We further studied the generality of our strategy regarding the polyfluoroarenes. 1,2,4,5-Tetrafluorobenzene was efficiently arylated to deliver 3ba in 78% yield. Upon extending the reaction time, 1,3,4,5-tetrafluorobenzene afforded 3ca in 53% yield along with 9% of the bisarylated product. The arylation of 1,2,3,4-tetrafluorobenzene was revealed to be relatively sluggish, forming 3da in 38% yield. Less electron-deficient arenes, such as 1,3,5-trifluorobenzene and 2,3,5,6-tetrafluoroanisole, required higher reaction temperature to accomplish the desired arylation, forming 3ea and 3fa.
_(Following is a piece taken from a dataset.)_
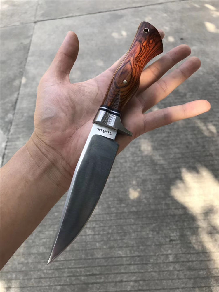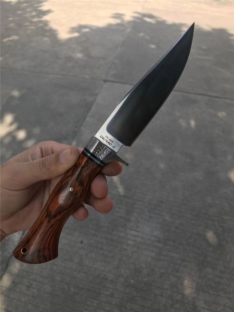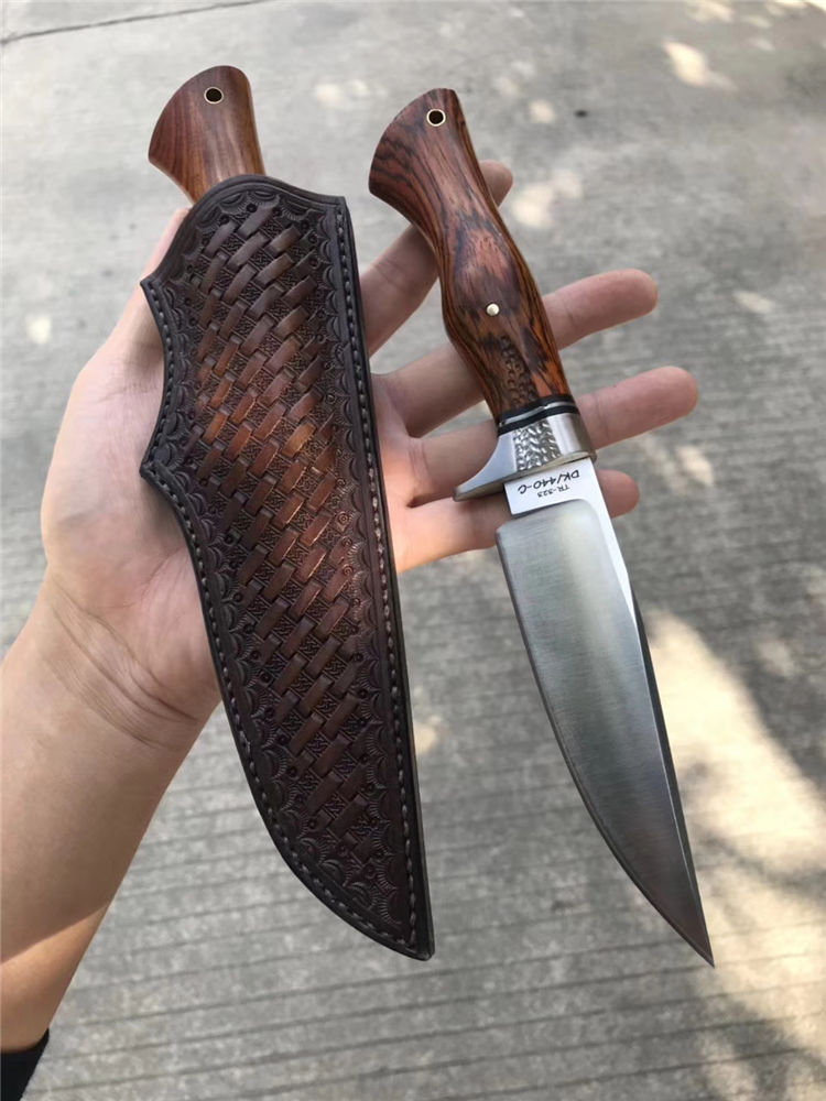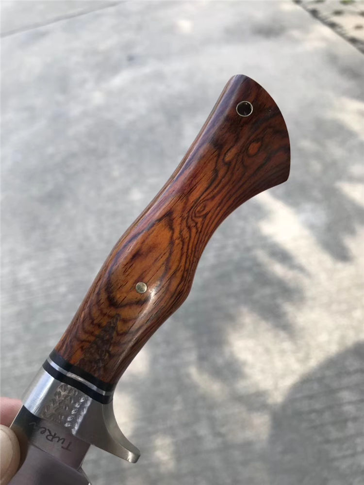 一款带给你超级实用博弈型猎刀,采用美国进口400C钢硬度达到58-59HRC真空热处理,数控CNC加工单面磨,手工打磨!搭配名贵黄檀木手柄,手感很好!出色一面,它搭配一个意大利进口手工雕花缝线植鞣皮!这个皮套效果做工非常好!性价比超级实惠!一把给你真正实用型户外求生猎刀

Polyfluoroarenes carrying trifluoromethyl, chlorine, and ester functional groups were tolerated, furnishing the corresponding products in excellent yields (3ga–3ia). In contrast, tetrafluoropyridine was less reactive (3ja). Interestingly, heteroarenes such as caffeine, doxofylline and 4-methyloxazole were successfully arylated (3ka, 3la, 3ma).

Subsequently, we investigated the incorporation of the pentafluorophenyl motif into more complex molecular frameworks including drugs and natural products. Hence, a Flurbiprofen-derived sulfonium salt was smoothly arylated to 4. The pentafluorophenyl unit was selectively installed on the electron-rich aromatic ring of Atomoxetine, forming 5 in 89% yield. Under otherwise identical conditions, nitrogen-containing drug Pyriproxyphen was functionalized, mirroring its utility in late-stage transformation. Likewise, the Clofibrate analogue 7 was prepared with high efficiency. Notably, modifications of bio-relevant natural products, such as D-salicin and δ-Tocopherol, were achieved in good yields (8, 9). Additionally, the incorporation of a heteroarene, such as caffeine, was coupled to complex drug molecules (10, 11, Scheme 3).
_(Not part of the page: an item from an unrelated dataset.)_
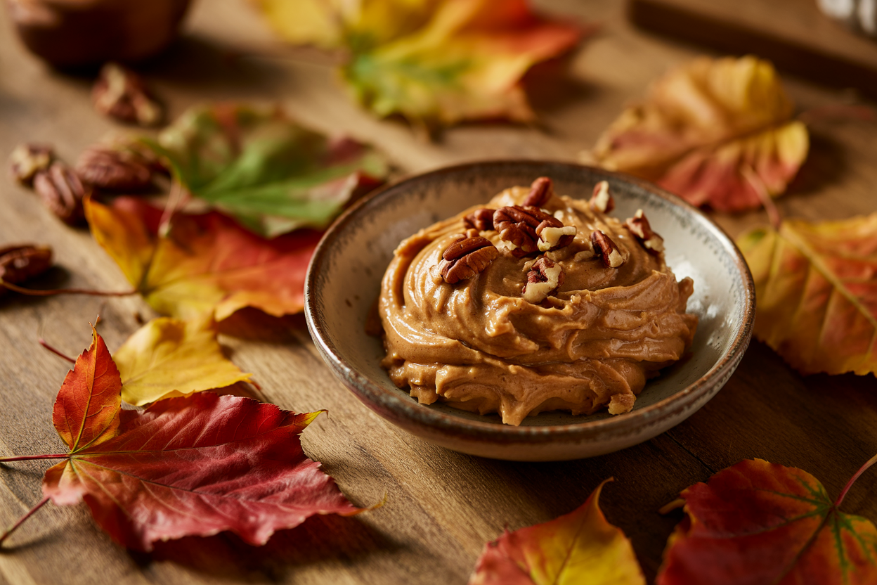 Mix vegan butter, maple syrup, pecans, and cinnamon until creamy. Chill for 5–10 minutes to set slightly.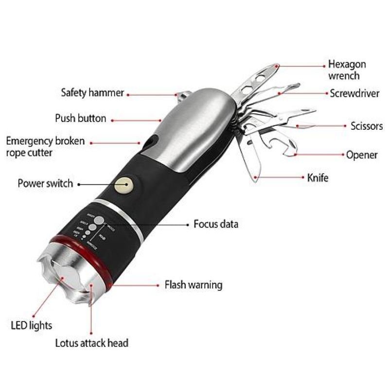Multi-Tool Combination: Knife; Bottle Opener; Scissors; Cross Screwdriver; Hexagon Wrench; Slotted Screwdriver; Safety Hammer; Seat Belt Cutter Blade; Flashlight

Scheme 3 Late-stage incorporation of pentafluorobenzene or caffeine into drugs and natural products. Unless otherwise specified, reaction conditions: arylsulfonium salt 2 (0.20 mmol, 1.0 equiv.), polyfluoroarene or caffeine 1 (2.0 mmol, 10.0 equiv.), [Ru(OPiv)₂(p-cymene)] (10 mol%), PivOH (30 mol%), K₂CO₃ (0.46 mmol, 2.3 equiv.), tBuCN (220 µL), under N₂ at 120 °C for 24 h, isolated yields were reported. [a] Caffeine (1.0 mmol, 5.0 equiv.) was used, tBuCN (300 µL). [b] tBuCN (300 µL).

Non-ruthenacycle intermediates for arylation

Within ruthenium-catalyzed C–H arylation, oxidative addition was recognized as the key rate-determining step.^43,44,66 Extensive studies revealed the crucial role of cycloruthenated intermediates for the oxidative addition of aryl halides onto ruthenium.^48–66 Moreover, recent findings highlighted mono- and bis-cycloruthenated complexes as possible intermediates for the oxidative addition (Scheme 4A).^{52–58,60–62} Likewise, in ruthenium-catalyzed C–H arylation without directing groups, mono-cycloruthenated intermediates formed in the presence of benzoate proved critical for activating the aryl halide (Scheme 4A, middle).^19,59 To shed light on the catalyst mode of action for the undirected C–H arylation with arylsulfonium salts, a set of mechanistic experiments was carried out. Intramolecular and intermolecular competition experiments between aryl bromides and arylsulfonium salts were performed. Although aryl bromides proved to be generally viable arylating reagents in ruthenium catalysis, we found that arylsulfonium salts outperformed aryl bromides under our standard conditions, providing a useful linchpin for further transformations of bromo-containing products (Scheme 4B). To verify the viability of a non-ruthenacycle intermediate, we carried out the desired C–H arylation in the presence of D₂O under standard conditions.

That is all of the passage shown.